=== Section Start ===

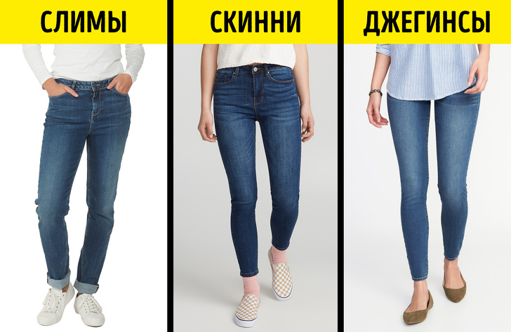 - Джегинсы (jeggings). Як зрозуміло з назви, джегинсы — це якийсь гібрид джинсів і легінсів, а значить, вони обтягують тіло ще більше, ніж скінні. З моменту своєї появи на подіумах у 2010 році джегинсы не виходять з моди, принаймні любов дівчат до них як і раніше велика. При правильно підібраному кольору на їх основі можна створювати як ділові, так і вуличні образи. Вибираючи джегинсы, потрібно дотримуватися 2 правила: вони повинні бути більше схожі на джинси, ніж на легінси, і не повинні бути прозорими.
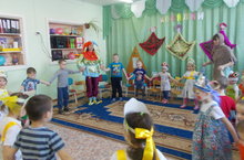 В старшей группе "Буратино" прошло Новогоднее представление «Цирк зажигает огни!» Дети превратились в цирковых артистов: клоунов, силачей, жонглеров и дрессированных собачек. Вместе с клоуном Клёпой, Бабой Ягой и кошечкой Марусей артисты играли, пели песни, танцевали. Конечно же на праздник пришли Дед Мороз и Снегурочка. После представления все артисты получили сладкие подарки.
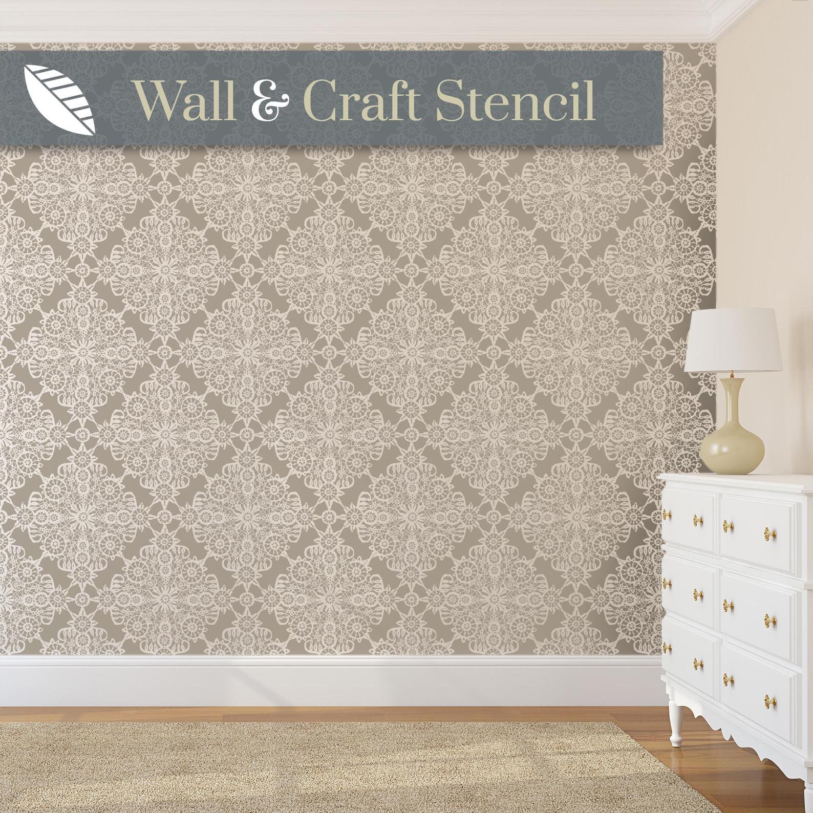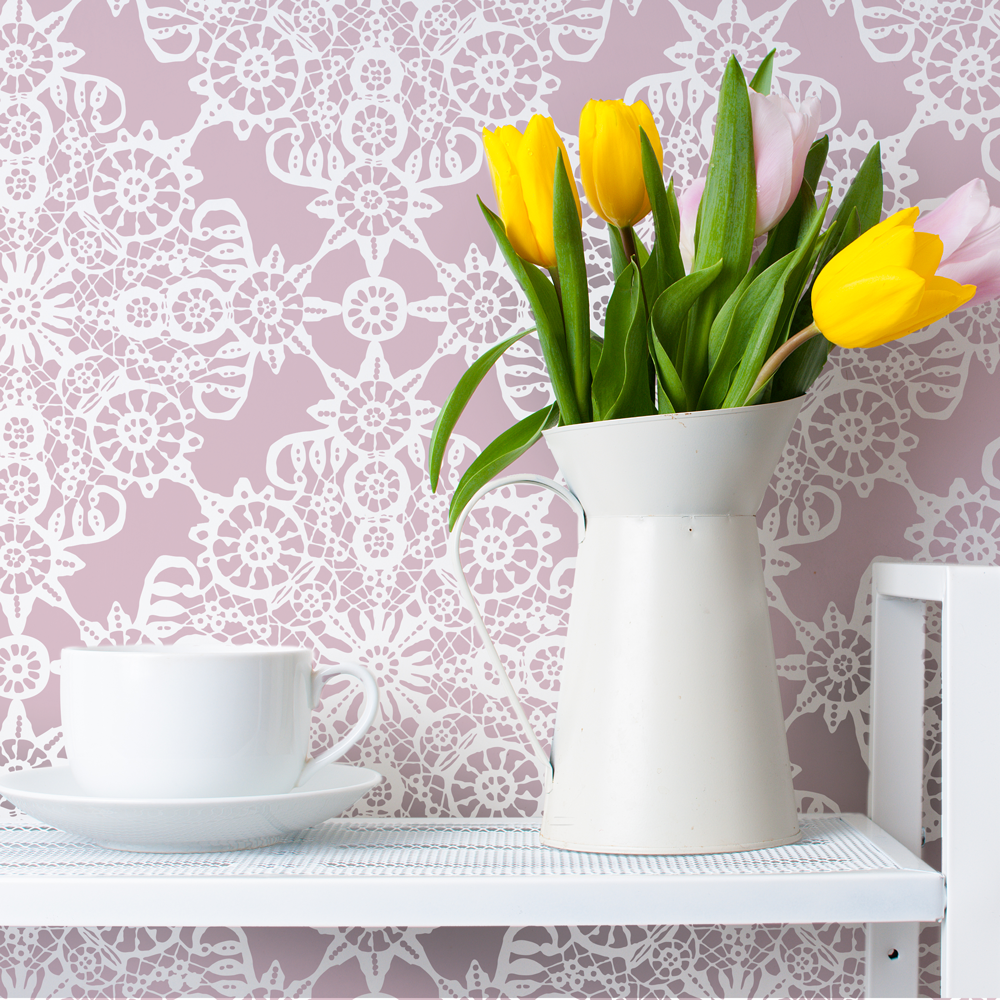 A beautiful traditional wall stencil pattern, based on a piece of vintage Irish lace from approximately 1860. This is a very forgiving design so is easy to line-up to create and all-over lace wall covering. This large wall stencil for painting can also be used as a craft stencil. Our stencils for walls are reusable and durable so you can use them many times to create feature walls and accessories such as cushions and furniture.

=== Section End ===

> _Task_
Write out exactly the lines that run from the top of the listing above to the line containing "В старшей группе", both ends included. Omit every picture.

> _Exercise result_
 - Джегинсы (jeggings). Як зрозуміло з назви, джегинсы — це якийсь гібрид джинсів і легінсів, а значить, вони обтягують тіло ще більше, ніж скінні. З моменту своєї появи на подіумах у 2010 році джегинсы не виходять з моди, принаймні любов дівчат до них як і раніше велика. При правильно підібраному кольору на їх основі можна створювати як ділові, так і вуличні образи. Вибираючи джегинсы, потрібно дотримуватися 2 правила: вони повинні бути більше схожі на джинси, ніж на легінси, і не повинні бути прозорими.
 В старшей группе "Буратино" прошло Новогоднее представление «Цирк зажигает огни!» Дети превратились в цирковых артистов: клоунов, силачей, жонглеров и дрессированных собачек. Вместе с клоуном Клёпой, Бабой Ягой и кошечкой Марусей артисты играли, пели песни, танцевали. Конечно же на праздник пришли Дед Мороз и Снегурочка. После представления все артисты получили сладкие подарки.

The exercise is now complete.